**WHAT IS EXPECTED**
From the first line to the last, set down the material exactly, leaving out its pictures.

[Opening DATASET RECORDS section]

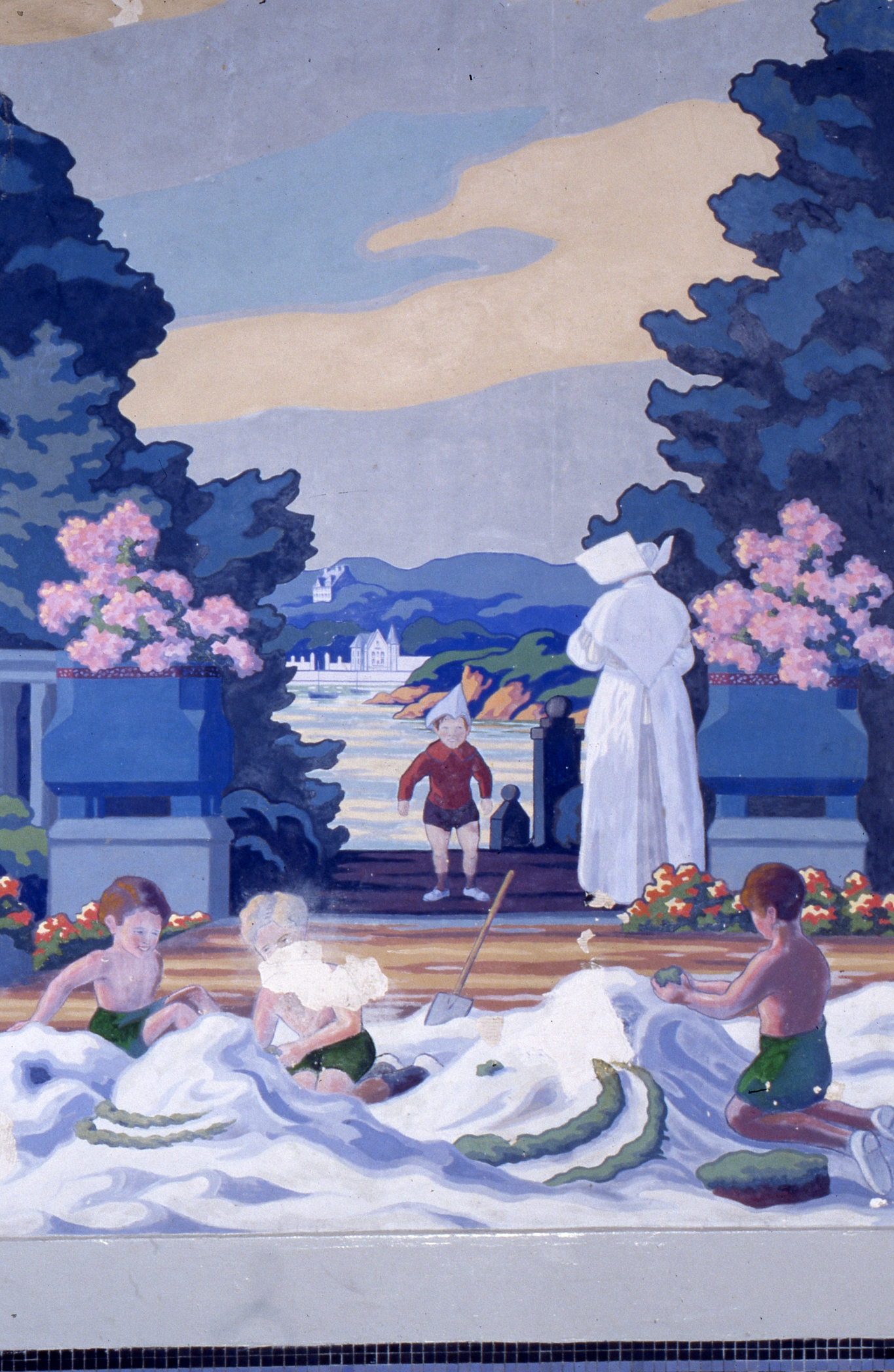 Panneau n°4 : vue générale, enfant jouant sous la surveillance d'une religieuse et paysage de bord de mer en fondImmatriculation
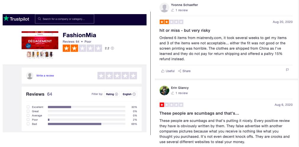 以澳鹏为例,澳鹏旗下首个女装品牌FashionMia在评论网站Trustpilot中的消费者评价仅2.2星,如图:
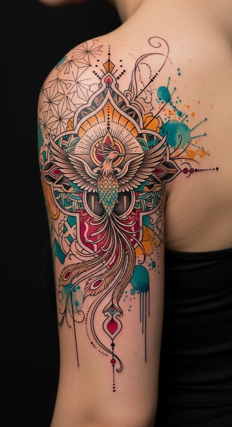 The phoenix center symbolizes rebirth and resilience, the geometric motifs represent cultural roots and continuity, while the watercolor accents evoke emotional fluidity and life’s unpredictable beauty; placed on the mid-forearm it offers visibility and personal reminder, or on the upper back it becomes a private emblem of transformation, inviting both introspection and storytelling.
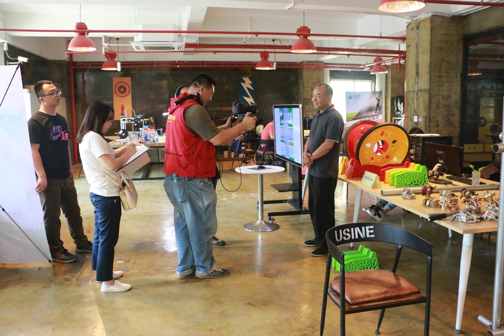 采訪人員首先在DCT創(chuàng)客空間一層創(chuàng)客書吧、項(xiàng)目路演大廳和人才交流展示區(qū)進(jìn)行了拍攝,還采訪了DCT創(chuàng)客空間工作人員周承樸,周承樸介紹了DCT創(chuàng)客空間的服務(wù)理念以及今后將更加積極探索優(yōu)秀的孵化模式,助力更多創(chuàng)客實(shí)現(xiàn)夢(mèng)想。
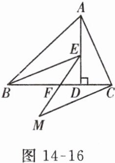 13. 如图 14 - 16,在锐角三角形 $ABC$ 中,$AD\perp BC$ 于点 $D$,点 $E$ 在 $AD$ 上,$DE = DC$,$BE = AC$,$F$ 为 $BC$ 的中点,连接 $EF$ 并延长至点 $M$,使 $FM = EF$,连接 $CM$。求证:
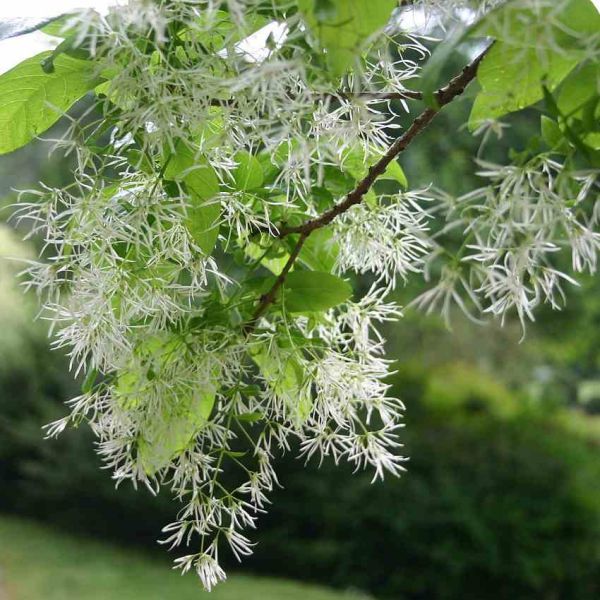 Deciduous tree with fragrant, fringe-like white flowers, perfect for adding elegance to sunny or partially shaded gardens.
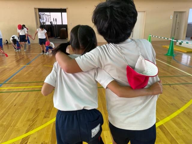 体育の時間には肩を組み、2人3脚に励むシーンを見つけました( ˘⊖˘)
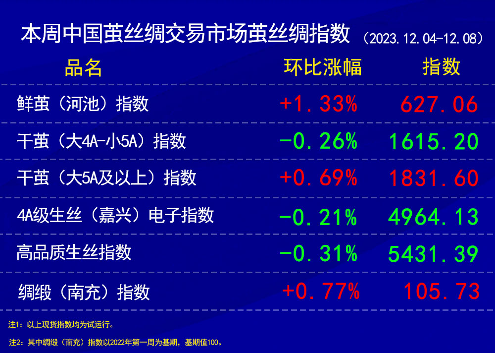 本周中國(guó)繭絲綢交易市場(chǎng)繭絲綢指數(shù)
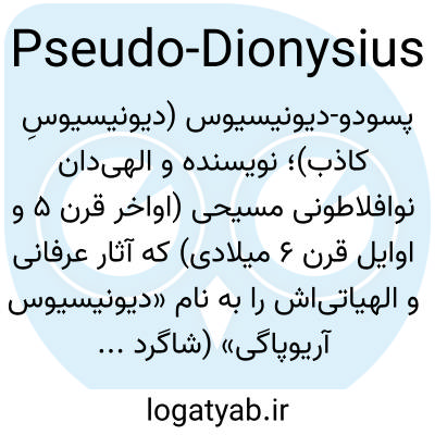 پسودو-دیونیسیوس (دیونیسیوسِ کاذب)؛ نویسنده و الهی‌دان نوافلاطونی مسیحی (اواخر قرن ۵ و اوایل قرن ۶ میلادی) که آثار عرفانی و الهیاتی‌اش را به نام «دیونیسیوس آریوپاگی» (شاگرد پولُس) نوشت؛ امروزه او را «دیونیسیوسِ جعلی» می‌نامند.
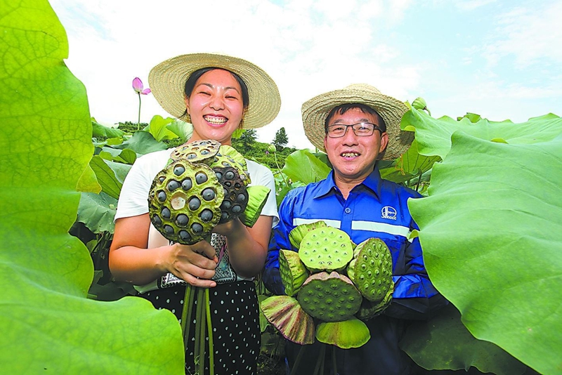 销售华中驻湖北红安县张石河村工作队队长陈湘(右)与该村村民陈红燕共同采摘莲蓬。魏昊星 摄
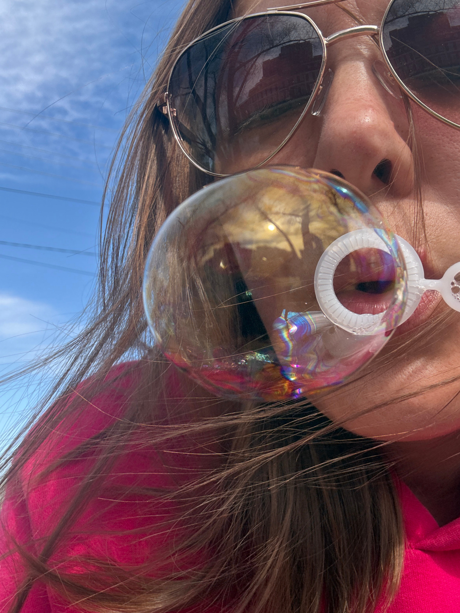 A low-angle, close-up shot depicts a person blowing a bubble. The person is wearing sunglasses. A pink hooded sweatshirt is also visible. The sky is blue with some clouds. Power lines are visible in t…read more
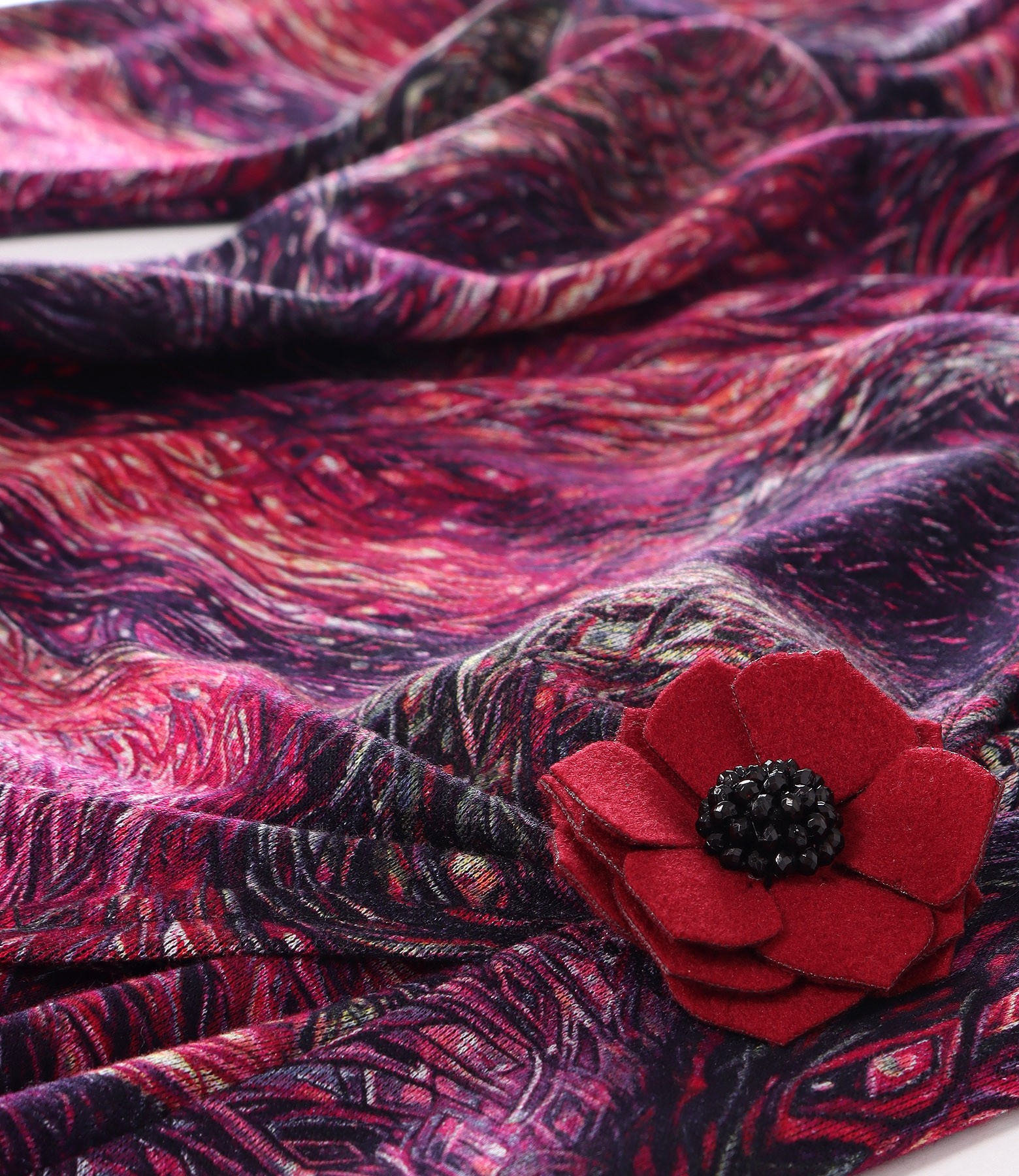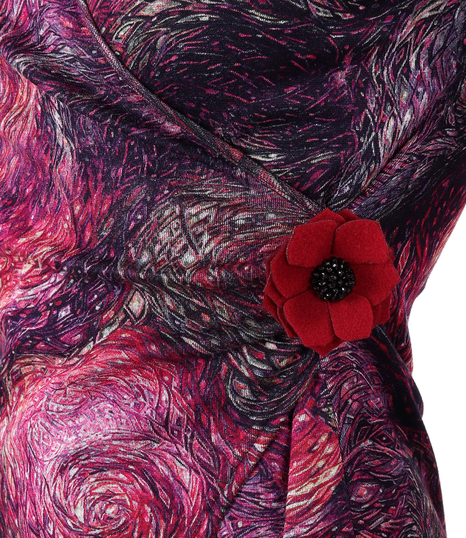 Rochie din jerse elastic gros imprimat cu motive geometrice, necaptusita, cu maneci 3/4, cu pieptii suprapusi si brosa in talie. Nu are sistem de inchidere.
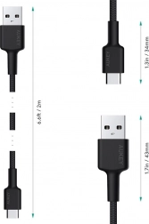 - AUKEY CB-CA2 Black kábel, tépőzár/pánt
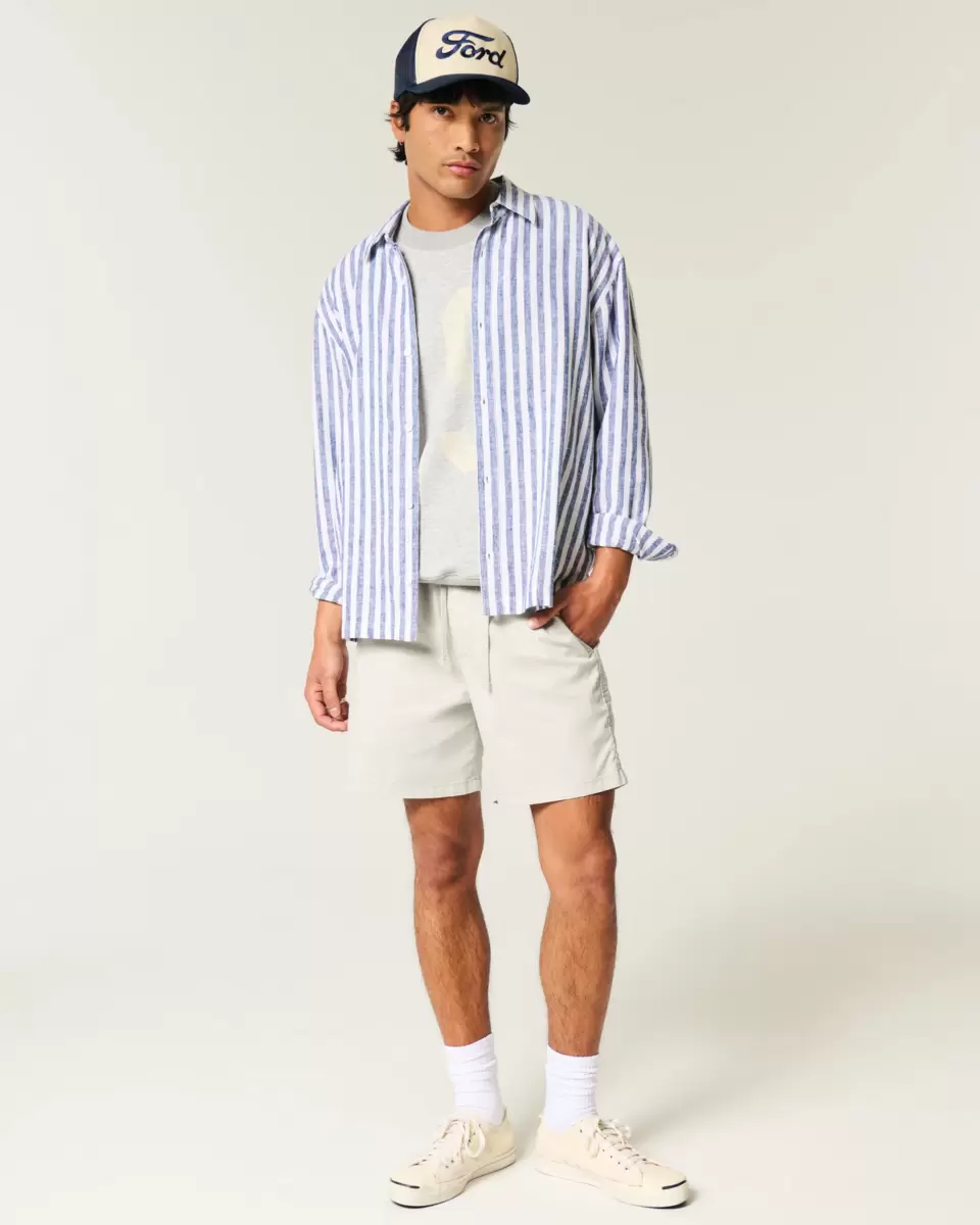 Comfortable twill shorts that hit mid thigh, designed with a pull-on drawstring waist. Pockets, right zipper pocket. Imported.
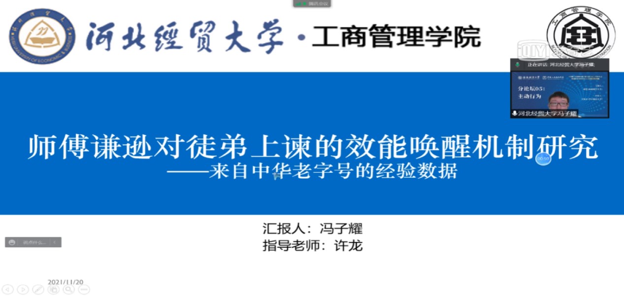 11月20日,由中国人力资源开发研究会和西南财经大学威廉官网中国官方网站联合举办的《中国人力资源开发》第六届(2021)学术年会在腾讯会议上如期举办,威廉官网中国官方网站五名研究生论文入选并进行论文汇报。
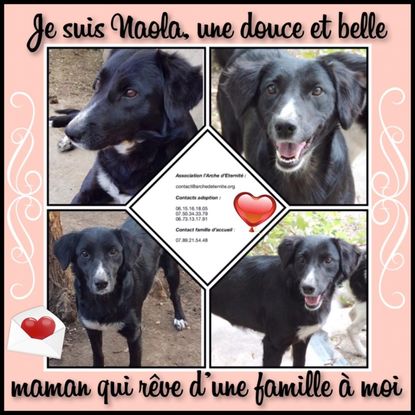 Naola est une chienne gentille, calme et sociable. Elle est très timide, il faut prendre du temps pour l'habituer à se laisser toucher afin qu'elle soit en confiance. Elle se trouve actuellement en refuge..
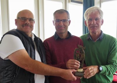 Vanwege het slechte weer zijn op de tweede speeldag slechts 9 holes gespeeld. Er kon dus ook geen play-off worden gespeeld zoals in het reglement staat. De namen van alle 3 winnaars komen op de beker en het wandbord te staan. De prijzen zijn via loting bepaald.
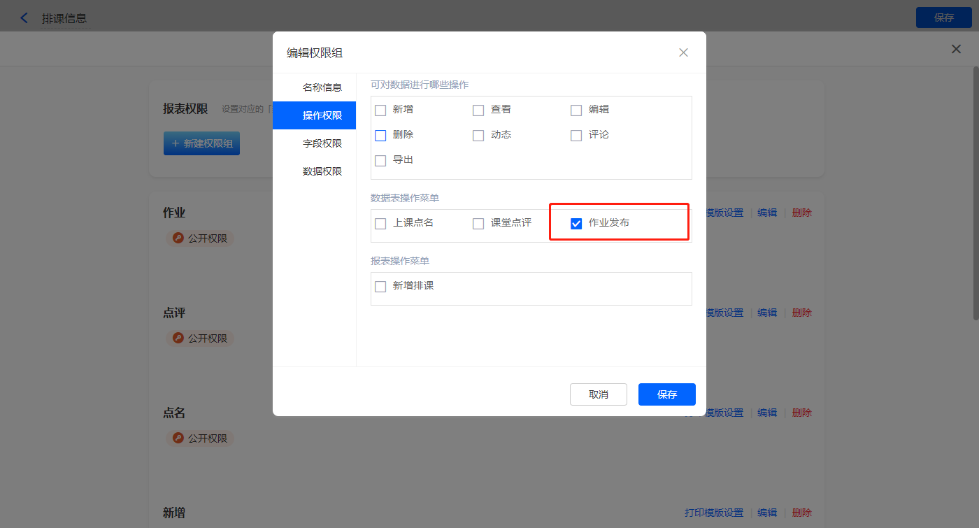 设置报表的权限,填入权限组名称作业,选择可操作的数据表菜单;
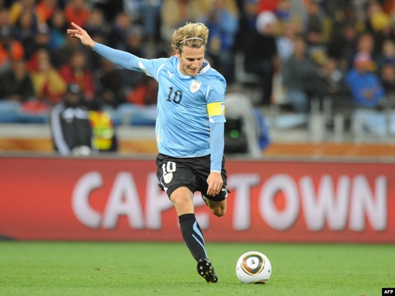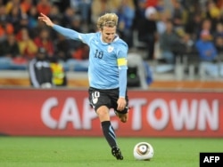 Уругвайлық шабуылшы Диего Форлан өз командасының жартылай финалдағы бірінші голын соғудың алдында. 6 шілді 2010 жыл.
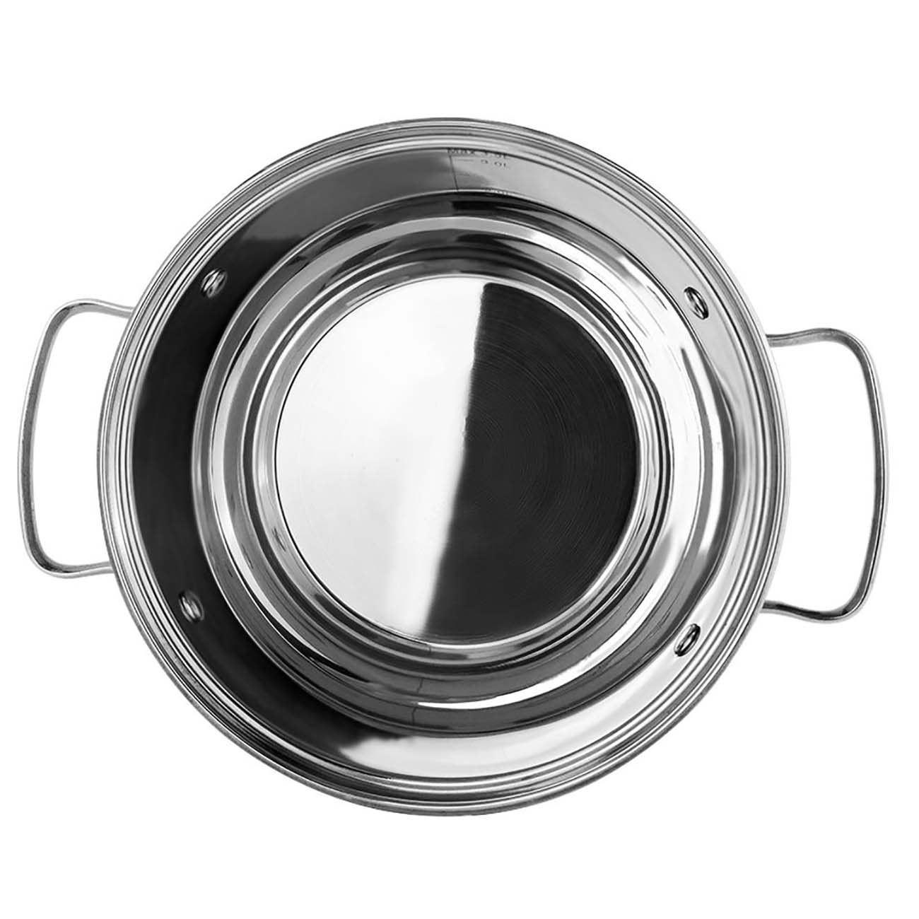 В комплект входят кастрюли на 2,8 л, 5 л и 6,5 л, а также три крышки, сделанные из жаропрочного стекла. Есть небольшие отверстия для выхода пара. Разрешено мыть под проточной водой, а также в посудомоечной машине с использованием специальных чистящих средств.

[Closing DATASET RECORDS section]

**SOLUTION**
 Panneau n°4 : vue générale, enfant jouant sous la surveillance d'une religieuse et paysage de bord de mer en fondImmatriculation
 以澳鹏为例,澳鹏旗下首个女装品牌FashionMia在评论网站Trustpilot中的消费者评价仅2.2星,如图:
 The phoenix center symbolizes rebirth and resilience, the geometric motifs represent cultural roots and continuity, while the watercolor accents evoke emotional fluidity and life’s unpredictable beauty; placed on the mid-forearm it offers visibility and personal reminder, or on the upper back it becomes a private emblem of transformation, inviting both introspection and storytelling.
 采訪人員首先在DCT創(chuàng)客空間一層創(chuàng)客書吧、項(xiàng)目路演大廳和人才交流展示區(qū)進(jìn)行了拍攝,還采訪了DCT創(chuàng)客空間工作人員周承樸,周承樸介紹了DCT創(chuàng)客空間的服務(wù)理念以及今后將更加積極探索優(yōu)秀的孵化模式,助力更多創(chuàng)客實(shí)現(xiàn)夢(mèng)想。
 13. 如图 14 - 16,在锐角三角形 $ABC$ 中,$AD\perp BC$ 于点 $D$,点 $E$ 在 $AD$ 上,$DE = DC$,$BE = AC$,$F$ 为 $BC$ 的中点,连接 $EF$ 并延长至点 $M$,使 $FM = EF$,连接 $CM$。求证:
 Deciduous tree with fragrant, fringe-like white flowers, perfect for adding elegance to sunny or partially shaded gardens.
 体育の時間には肩を組み、2人3脚に励むシーンを見つけました( ˘⊖˘)
 本周中國(guó)繭絲綢交易市場(chǎng)繭絲綢指數(shù)
 پسودو-دیونیسیوس (دیونیسیوسِ کاذب)؛ نویسنده و الهی‌دان نوافلاطونی مسیحی (اواخر قرن ۵ و اوایل قرن ۶ میلادی) که آثار عرفانی و الهیاتی‌اش را به نام «دیونیسیوس آریوپاگی» (شاگرد پولُس) نوشت؛ امروزه او را «دیونیسیوسِ جعلی» می‌نامند.
 销售华中驻湖北红安县张石河村工作队队长陈湘(右)与该村村民陈红燕共同采摘莲蓬。魏昊星 摄
 A low-angle, close-up shot depicts a person blowing a bubble. The person is wearing sunglasses. A pink hooded sweatshirt is also visible. The sky is blue with some clouds. Power lines are visible in t…read more
 Rochie din jerse elastic gros imprimat cu motive geometrice, necaptusita, cu maneci 3/4, cu pieptii suprapusi si brosa in talie. Nu are sistem de inchidere.
 - AUKEY CB-CA2 Black kábel, tépőzár/pánt
 Comfortable twill shorts that hit mid thigh, designed with a pull-on drawstring waist. Pockets, right zipper pocket. Imported.
 11月20日,由中国人力资源开发研究会和西南财经大学威廉官网中国官方网站联合举办的《中国人力资源开发》第六届(2021)学术年会在腾讯会议上如期举办,威廉官网中国官方网站五名研究生论文入选并进行论文汇报。
 Naola est une chienne gentille, calme et sociable. Elle est très timide, il faut prendre du temps pour l'habituer à se laisser toucher afin qu'elle soit en confiance. Elle se trouve actuellement en refuge..
 Vanwege het slechte weer zijn op de tweede speeldag slechts 9 holes gespeeld. Er kon dus ook geen play-off worden gespeeld zoals in het reglement staat. De namen van alle 3 winnaars komen op de beker en het wandbord te staan. De prijzen zijn via loting bepaald.
 设置报表的权限,填入权限组名称作业,选择可操作的数据表菜单;
 Уругвайлық шабуылшы Диего Форлан өз командасының жартылай финалдағы бірінші голын соғудың алдында. 6 шілді 2010 жыл.
 В комплект входят кастрюли на 2,8 л, 5 л и 6,5 л, а также три крышки, сделанные из жаропрочного стекла. Есть небольшие отверстия для выхода пара. Разрешено мыть под проточной водой, а также в посудомоечной машине с использованием специальных чистящих средств.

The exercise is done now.